24.1.06

Happiness is a warm gun

Je ne saurai pas exactement expliquer mon métier.
Je sais que j'ai une tension artérielle supérieure à la moyenne des hommes de mon âge de plusieurs points.
Que mon téléphone sonne souvent.
Et que lorsqu'il sonne, c'est pour reporter une mauvaise nouvelle.

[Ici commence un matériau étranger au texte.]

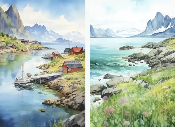 Plakát a sziklán Norvégia természet, Lofoten szigetek, nyári táj, vörös házak, hegyek, csónakok d00421
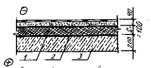 1. Цементно-песчаная стяжка: плотность g=1800 кг/м3 , коэффициент теплопроводности lА =0,76Вт/(м. 0 С). 2. Утеплитель – жесткие минераловатные плиты: плотность g=200 кг/м3 , коэффициент теплопроводности lА =0,076Вт/(м. 0 С) 3. Железобетонная монолитная плита: плотность g=2500 кг/м3 , коэффициент теплопроводности lА =1,92Вт/(м. 0 С). Сопротивление теплопередаче: R0 =Rв +Rж/б +Rутеп +Rст +Rн =R0 треб ; 1/8,7+0,2/1,92+dутеп /0,076+0,04/0,76+1/23=2, откуда dутеп =0,1 м = 100 мм. Перекрытие первого этажа . Теплотехнические характеристики материалов:
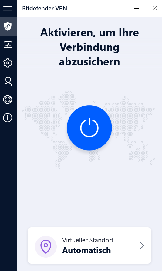 Die Bitdefender VPN-App hat das typische VPN-Bedienschema.
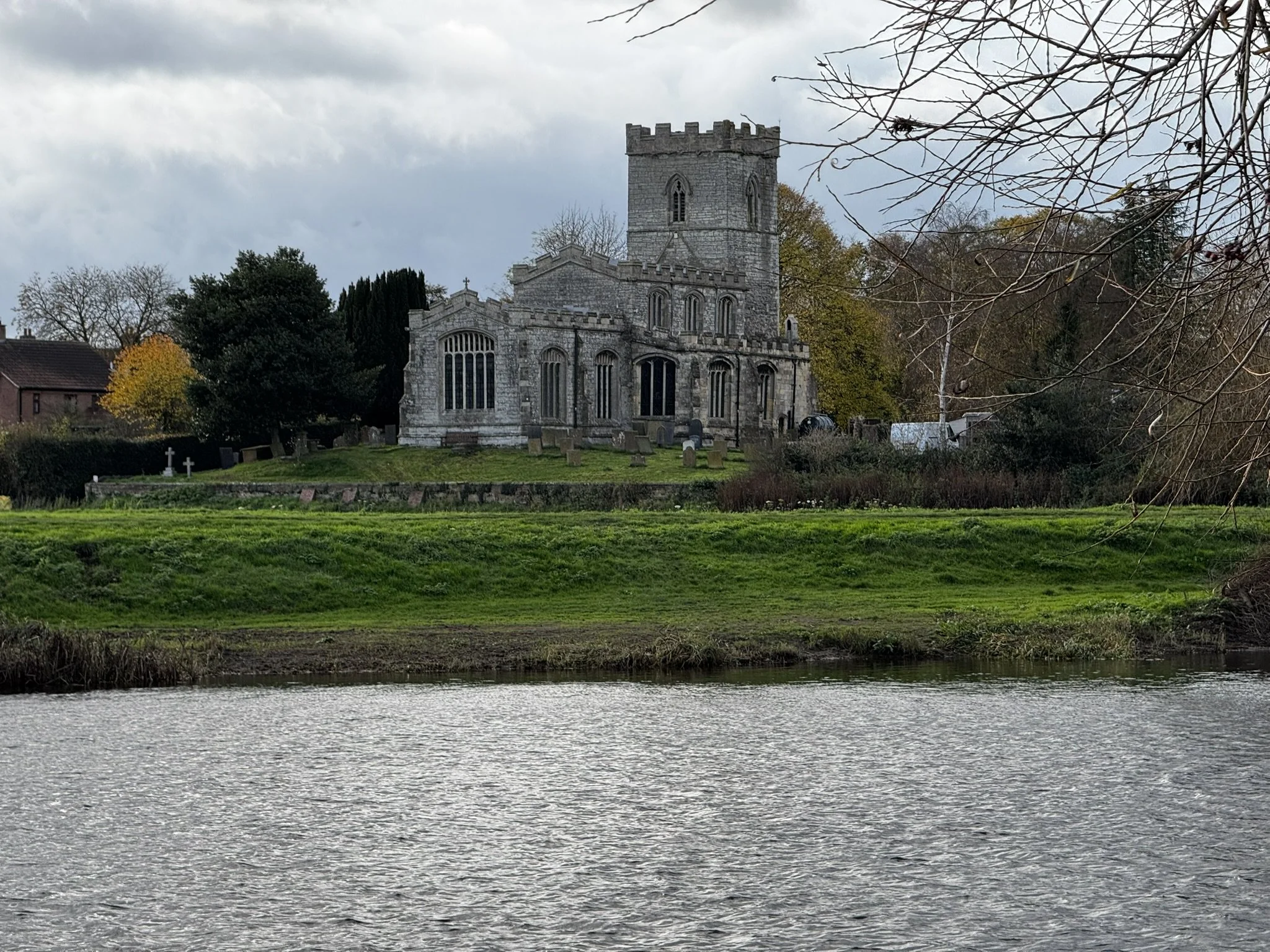 Historic stone church with tower near river, surrounded by trees, against cloudy sky.
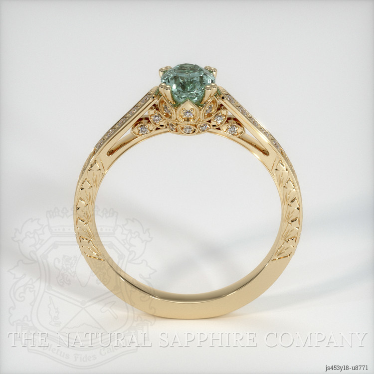 Antique Style Bluish Green Sapphire Ring 0.84 Ct., 18K Yellow Gold
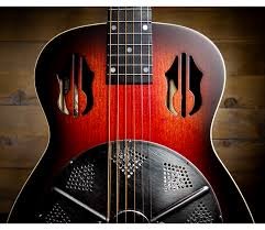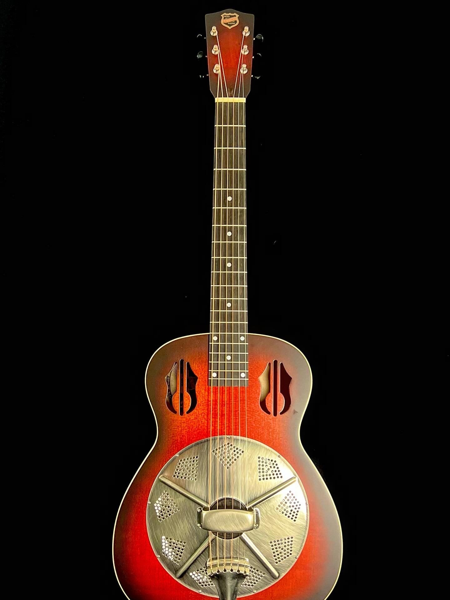 The National Rosita recreates the classic of the same name, originally constructed in the 1930s, with a cherry-red to blackburst finish on a handpainted maple body. The cathedral-style sound holes resemble the silhouette of a lyre, the instrument played by Apollo, Greek God of music. The 14-fret neck features an unbound ebony fretboard, peghead style tuning machines, and mother-of-pearl position markers. A ribbed-sieve coverplate with rubbed nickel finish complete this stunning guitar. The Rosita offers the warm, resonant tone wood body Nationals are known for.
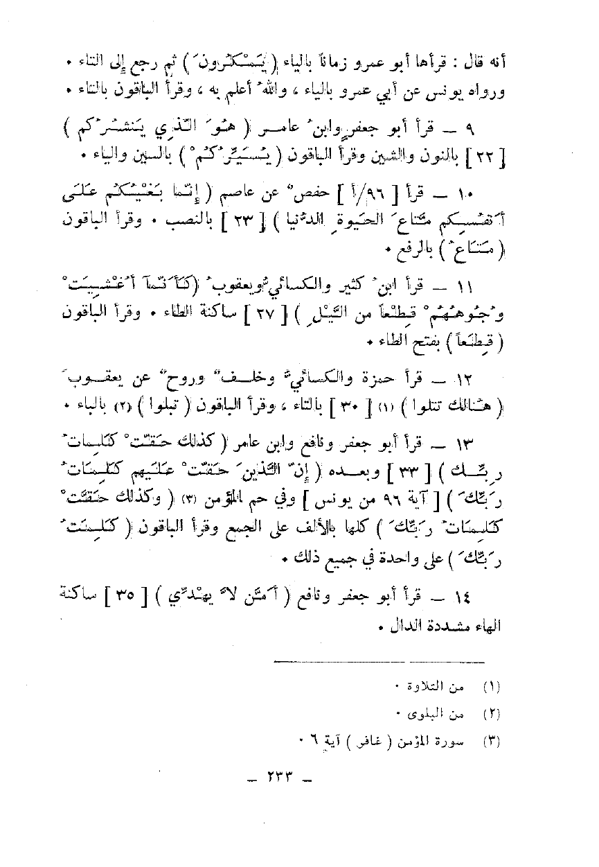 13 - قرأ أبو جعفر ونافع وابن عامر {كَذَلِكَ حَقَّتْ كَلِمَتُ رَبِّكَ} [33] وبعده {إِنَّ الَّذِينَ حَقَّتْ عَلَيْهِمْ كَلِمَتُ رَبِّكَ} [آية 96 من يونس] وفي حم المؤمن {كَذَلِكَ حَقَّتْ كَلِمَتُ رَبِّكَ} كلها بالألف على الجمع وقرأ الباقون {كَلِمَتُ رَبِّكَ} على واحدة في جميع ذلك.
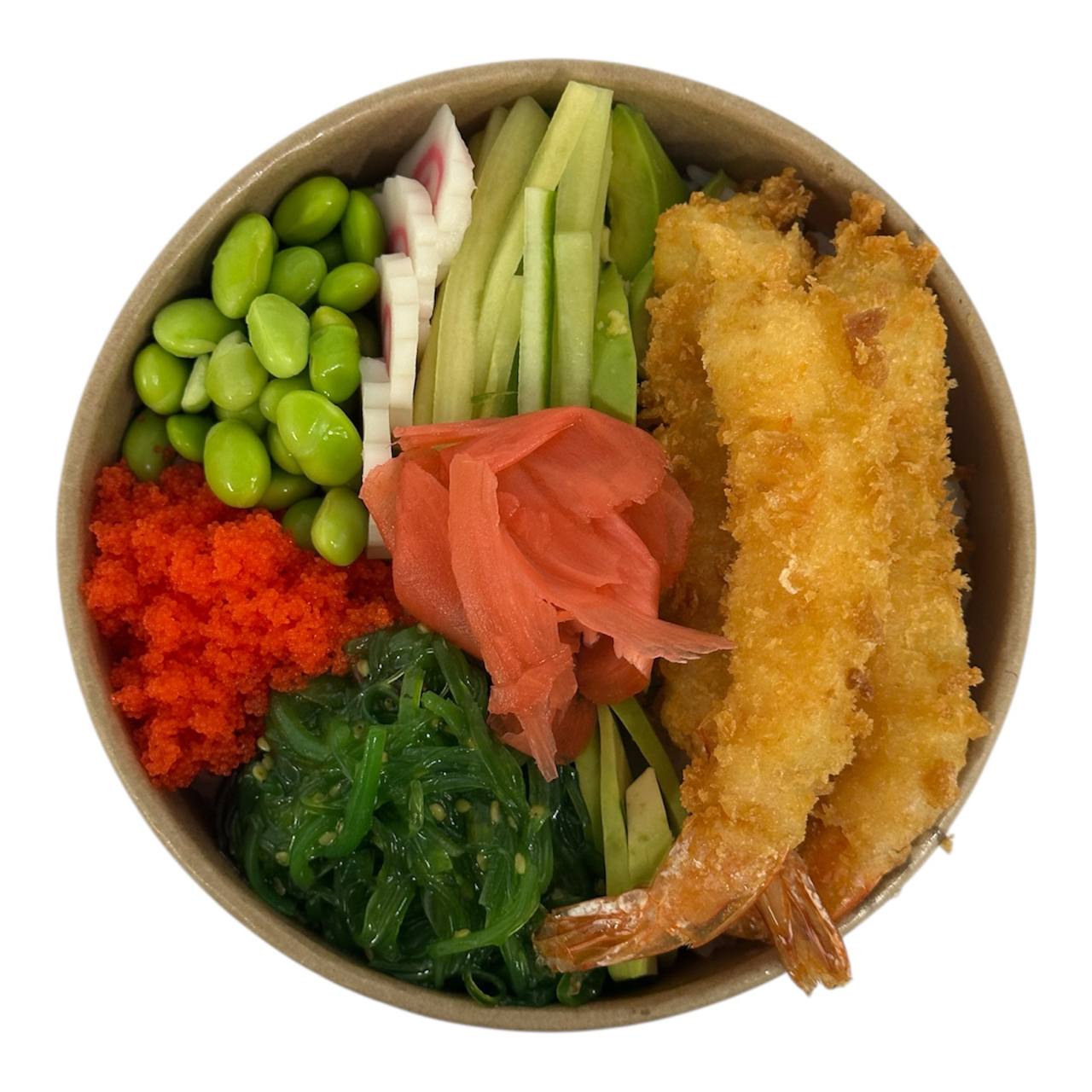 krewetka, ogórek, wakame, naruto maki, awokado, fasola edamame, kawior masago, imbir, sos teriyaki, sos majo-sriracha.
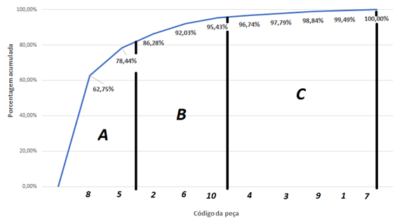 No exemplo os dois primeiros itens (peças 8 e 5) representam em conjunto 78,44% do volume financeiro movimentado ao longo do ano. Apenas estes dois itens representam a maior parte da movimentação financeira, e são apenas 20% dos diferentes itens em estoque. São então classificados como itens A.
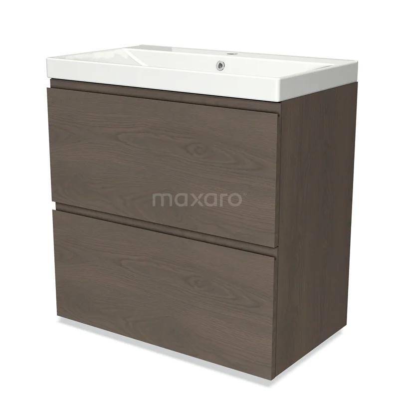 Badmöbel 80cm Modulo dunkelbraune Eiche 2 hohe Schubladen griffloses Waschbecken Keramik
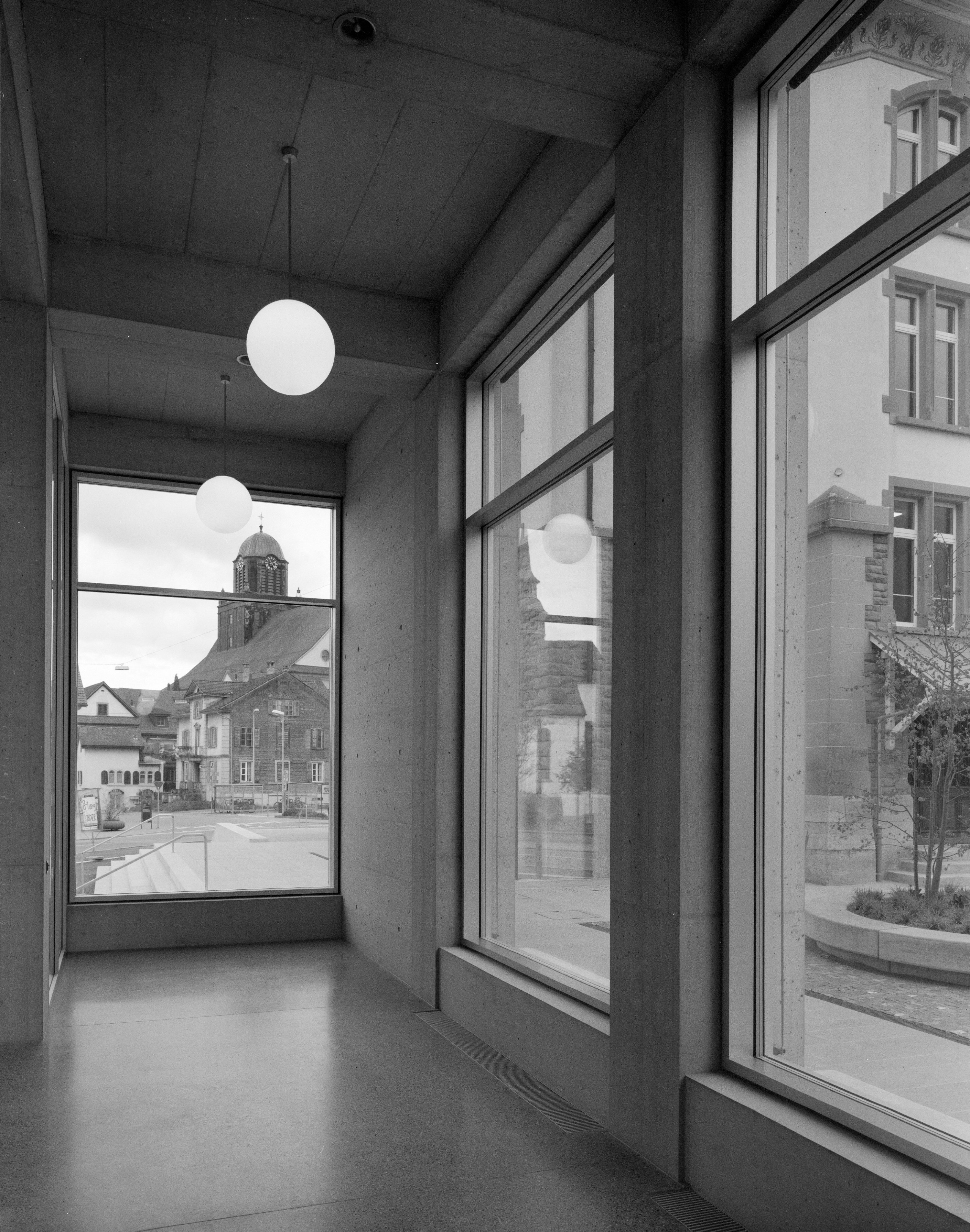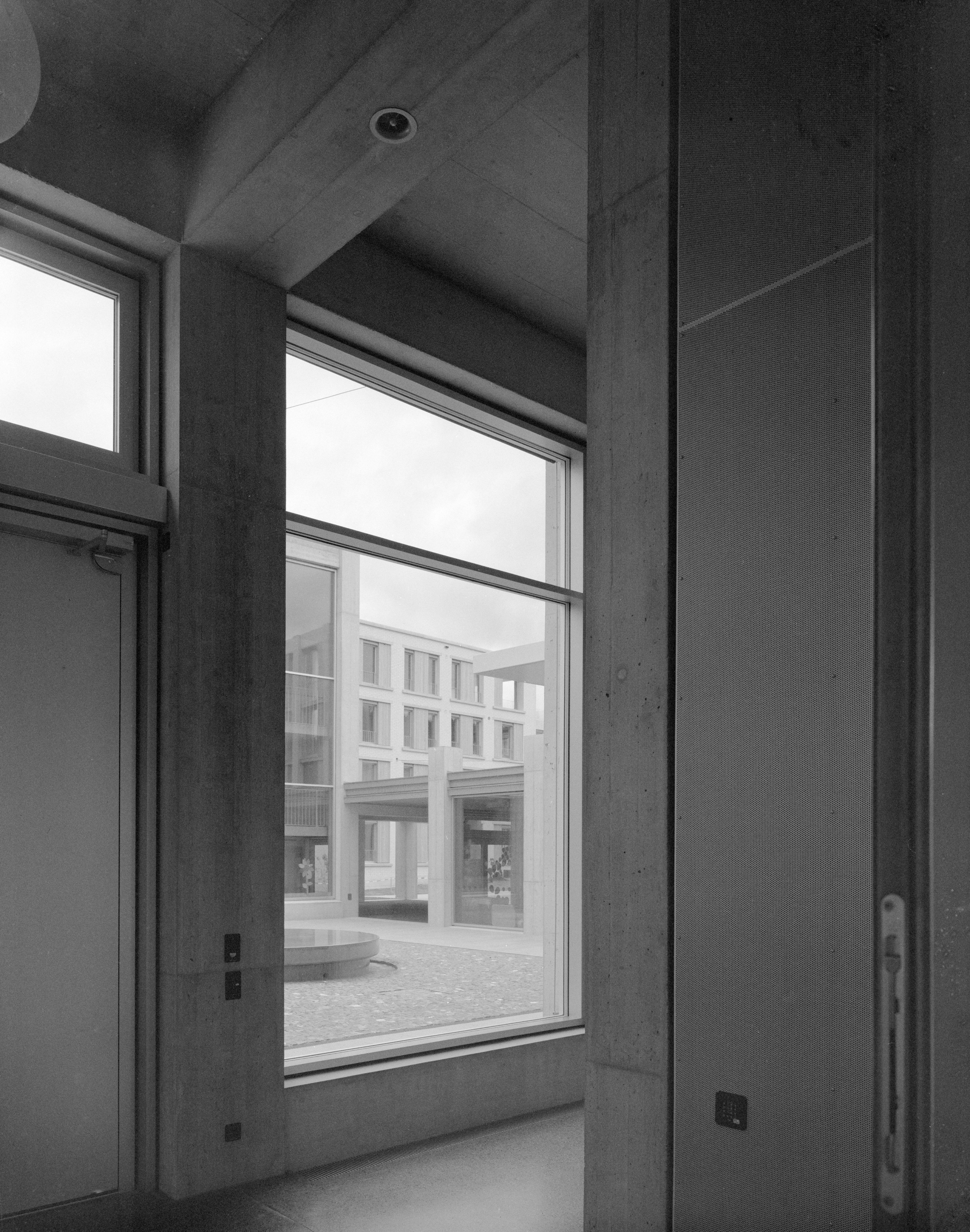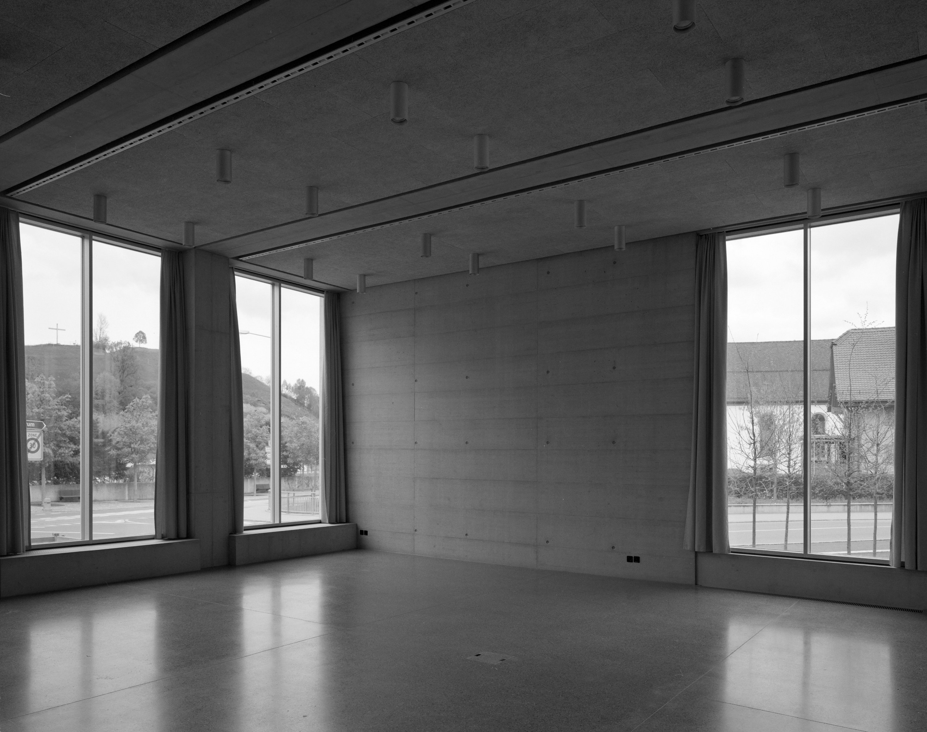 Ein zum Hof öffnendes längsseitiges Foyer erschliesst den Pfarreisaal und ermöglicht die unabhängige Unterteilung in drei gut proportionierte Räume. Einzelne grosse Öffnungen im Inneren des Saals stellen den Bezug nach Aussen sicher. Durch die Ausführung der oberen Wohngeschosse als Raumtragwerk im Betonverbund der Decke kann auf weitere Tragelemente innerhalb des Saal verzichten werden.

Nombre de gens ont pour métier d'être un interlocuteur plus ou moins courtois face aux tracas de la vie quotidienne.
Ils possèdent des manuels de procédures à appliquer et des listes de réponses toutes faites à fournir pour chacune des questions qu'ils seraient susceptibles de rencontrer.
Lorsqu'ils ne peuvent pas répondre en un temps satisfaisant, par manque de clarté ou de bon sens, ils escaladent la gravité du désagrement et le transmettent à l'échelon supérieur.
Jusqu'à ce qu'il n'y ait plus de réponse à fournir ou d'échelon à remonter.
Jusqu'à ce que l'anodin tracas au fil des passages de témoins se soit muté en une bête immonde que seule une balle entre les deux yeux est de nature à calmer.
Seul avec un pistolet à bouchon devant la charge furieuse d'un rhinocéros blessé.
Pour le prix d'un costard de marque.

Initialement je suis supposé manipuler quelques chiffres.
Dissimuler par ci, blanchir par là, quelques modestes clapotis indecelables à côté des lourdes vagues des croiseurs alentours.
Juste assez pour dormir sur ses deux oreilles.
Juste assez pour porter une cravate.

Mais il suffit d'avoir fait sensation au stand de tir de la fête foraine une fois ou deux.
L'avantage d'un groupe international, où l'on sait qu'il y aura toujours quelqu'un à l'autre bout du fil, quelle que soit l'heure du jour ou de la nuit.
Je décroche et j'écoute patiemment des gens paniqués me décrire maladroitement comment la fin du monde est arrivée hier.
Comment nous sommes morts sans que nous le sachions.
Comment l'on va s'en prendre physiquement à moi et aux miens.
Quand je dis patiemment, c'est une figure de style.
Pour le prix d'une montre d'orfèvre.

Une douce cacophonie de sonneries, un ramassis de winners à téléphone micro, un galimatias de babel.
Démêler l'écheveau pour en trouver noeud.
Ecouter, tirer doucement pour défaire la pelote et n'en faire plus qu'un petit tas de ficelle.
Téléphoner méthodiquement à tous les interlocuteurs et combler les trous.
Faire le lien, flatter les uns, menacer les autres, mentir à l'occasion.
Pratiquer l'accompagnement thérapeutique.
Renouer le dialogue rompu, lisser les petits caprices, les incompétences.
Ecouter juste ce qu'il faut pour endormir la confiance, le temps d'ajuster son son tir.
Gagner ce qu'il faut de temps pour loger correctement l'unique balle du barillet.
Pour le prix d'une voiture de sport.

J'en suis arrivé à un point où ma paupière palpite au son de l'appareil, où je ne compte plus les hallucinations liées au voyant lumineux du répondeur.
Où je filtre les appels masqués.
Où l'idée d'écouter la vingtaine d'appels en attente sur ma boite vocale me donne la nausée.
On peut imaginer la complexité que celà engendre pour les voeux du nouvel an.
Tout ça pour le prix d'un weekend avec un call girl.

Je ne saurai pas exactement expliquer mon métier.
Je sais juste qu'il me faudrait encore de ces petites pilules.
Et que le bonheur se trouve au bout d'un fusil encore fumant.